January 13, 2013 Back

While Judaism has a few core beliefs that are essential to being considered Jewish, a large portion of what Jews believe is up for debate and there are considerable differences between sects of Judaism of what a Jew is supposed to believe.

One G-d

Regardless of the sect, all Jews believe in a single, indivisible G-d who is involved in mankind’s daily lives.  A Jew’s relationship with G-d is personal and may be expressed in different ways.  Orthodox Jews achieve this personal relationship by performing the various Mitzvot described in the Torah and Rabbinic literature along with prayer and Torah Study.  Other sects of Judaism also perform the commandments, although not always to the extent of Orthodox Jews.  Some Jews use the concept of “Tikkun Olam”, or perfecting the world the way to connect with G-d.
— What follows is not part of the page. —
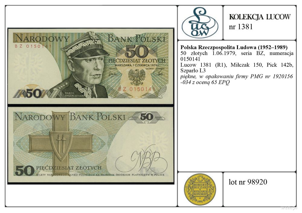 | Literatura: | Lucow 1381 (R1), Miłczak 150, Pick 142b, Szparło L3 |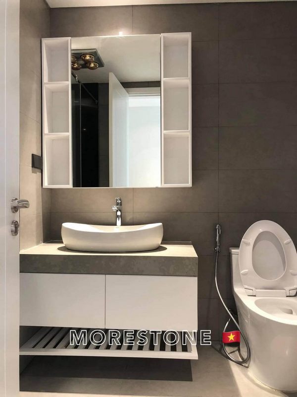 Trong phòng tắm, mẫu gương hiện đại hình chữ nhật được đặt giữa khung tủ tiện lợi làm nét đặc trưng của căn phòng.

Divinity of Mankind and Free Will

Jews believe that all people were created in the image of G-d.  In addition, man is believed to have has free will.  This means that Judaism takes the view that a man is inherently good, but has the ability to make his own choices as to how he will live his life.  However, this belief also means that man must take responsibility for the consequences of his choices, whether those consequences are positive or negative.  In this way, Judaism is a religion that believes in personal responsibility.  This belief is shared by all Jews, regardless of sect.

Torah from Sinai

The Torah is a divine text and contains the history of the Jewish people.  It also contains the Mitzvot which Jews are expected to perform during their lifetimes.  The term Torah actually includes the Written and Oral Law.  Traditionally, it was accepted as fact that Moses received the entire Torah from G-d on Mount Sinai in a public revelation of which will never be repeated over the course of history.  Today there is considerable difference regarding the divinity of the Torah, with Orthodox Jews till maintaining the traditional belief and many non-Orthodox sects believed that the Torah had multiple authors or was simply divinely inspired but has no inherent holiness to it.  It should be noted that many of these non-Orthodox beliefs are considered to be heretical in Orthodox Judaism.

Israel

Traditionally, Israel was considered to be an integral part of Judaism.  Israel is the land that was promised to the forefathers, specifically Abraham.  In addition, many of the Mitzvot can only be performed when in Israel and as a result, many commandments cannot be performed by Jews living outside Israel.  Today, there are different views regarding the land of Israel and the modern State of Israel, with many believing that Jews should be in Israel and supporting Israel.  However, there are also many who view the modern state as being an aberration or minimally do not wish to associate themselves with the land because of politics.

Maimonides’ 13 principles

Rabbi Moses ben Maimon, also Maimonides composed a list of thirteen articles of faith that Jews must believe on some level.  These beliefs cover most of the above core beliefs but also add a few extra aspects to them as well.  The principles, in summary are the following:

There is only one G-d with no corporeal form and is indivisible with no equal.  G-d is the first and last of all and one should only pray to G-d.  All of the words of the prophets are true and Moses was the greatest prophet of all time.  The Torah – both Written and Oral portions – was given on Sinai and is immutable.  G-d knows the actions of all and directly rewards or punishes people for their actions.  The Messiah will eventually come and the resurrection of the dead will occur when G-d deems it appropriate.